Sardi joined the Marine Corps and was assigned to run the bachelor officers’ mess at the Marine Corps Air Station Cherry Point in North Carolina in 1942. In 1945 he was sent to Okinawa to supervise a rest camp. He left the Marines as a captain.

After serving in the military, he took over the restaurant when his father retired in 1947. He was known for extending lines of credit to unemployed Broadway actors and offered special menus with reduced prices to them. He also made sure to attend every show and insisted that his headwaiters do the same so that the actors would be well treated.

He was president of the Greater Times Square Committee in the 1960s and the Restaurant League of New York in the 1970s, serving as official and unofficial spokesperson of Manhattan's Theater District. He later opened a branch of the restaurant on East 54th Street and a dinner theater in Long Island but neither turned out to be a success.

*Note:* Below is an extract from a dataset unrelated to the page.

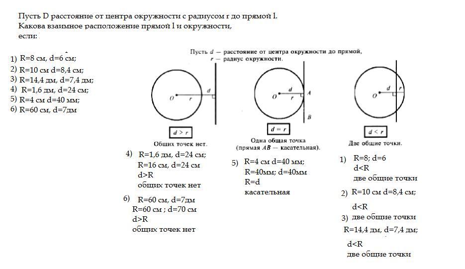 Пусть D расстояние от центра окружности с радиусом r до прямой l. Какова взаимное расположение прямой l и окружности, есле: R=8 см, d=6 см; R=10 см d=8,4 см; R=14,4 дм, d=7,4 дм; R=1,6 дм, d=24 см; R=4 см d=40 мм; R=60 см, d=7дм?
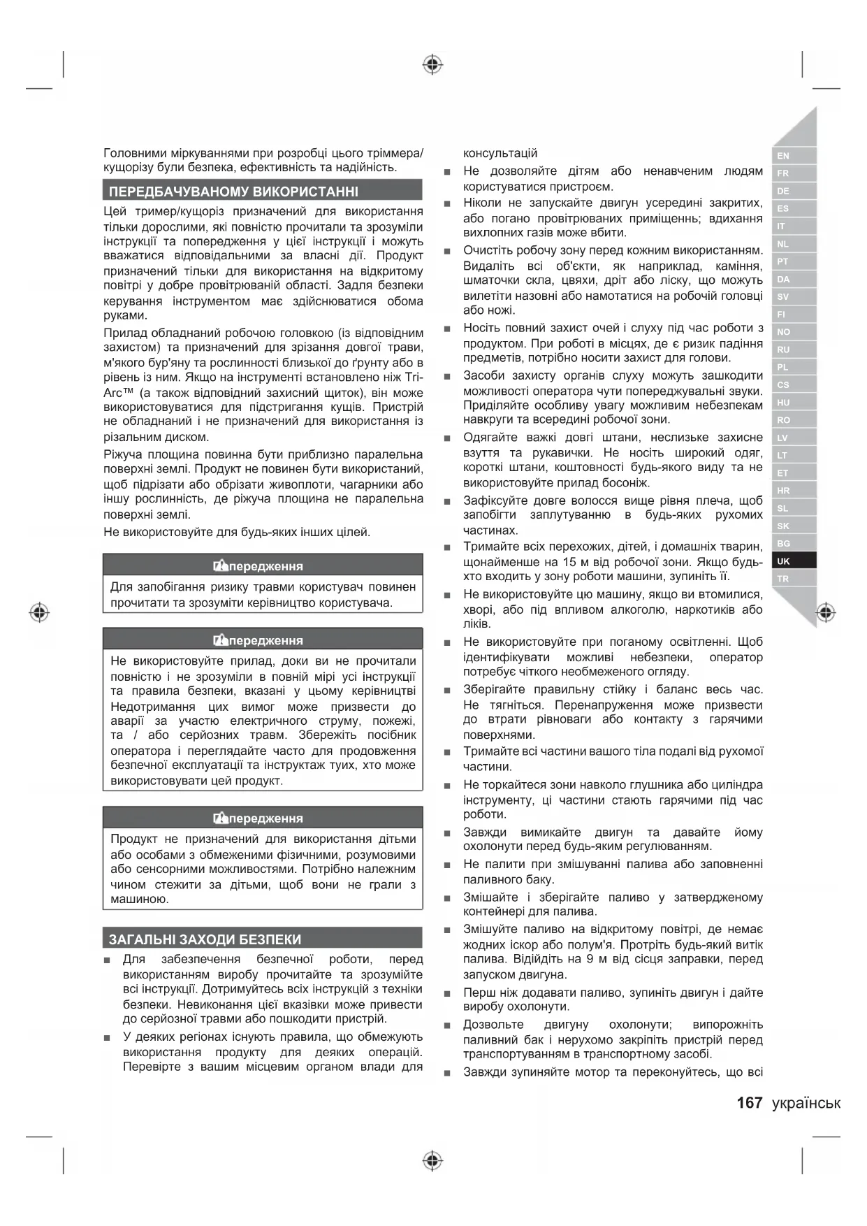 Головними міркуваннями при розробці цього тріммера/ кущорізу були безпека, ефективність та надійність. ПЕРЕДБАЧУВАНОМУ ВИКОРИСТАННІ Цей тример/кущоріз призначений для використання тільки дорослими, які повністю прочитали та зрозуміли інструкції та попередження у цієї інструкції і можуть вважатися відповідальними за власні дії. Продукт призначений тільки для використання на відкритому повітрі у добре провітрюваній області. Задля безпеки керування інструментом має здійснюватися обома

In 1985, he sold the restaurant to a pair of producers Ivan Bloch and Harvey Klaris and restaurateur Stuart Lichtenstein. He regained ownership of the restaurant in 1991 and due to his failing health, turned the operation of the restaurant to his business partner Max Klimavicius.

In 2004, Sardi received a Tony Honor for Excellence in Theatre, an award also given to his father during the first year of the Tony Awards in 1947.

== Personal life ==
Sardi was an amateur sports car racer, polo player, and skier. He was nicknamed "Cino" by his father.

Sardi was married three times, to Carolyn Euiller (1939–1946), Adelle Rasey, and June Keller. He died on January 4, 2007, at age 91 in Berlin, Vermont. He was a longtime resident of Warren, Vermont at the time of his death. The marquee lights of all Broadway theaters were dimmed for one minute on January 5, 2007, in memory of Sardi.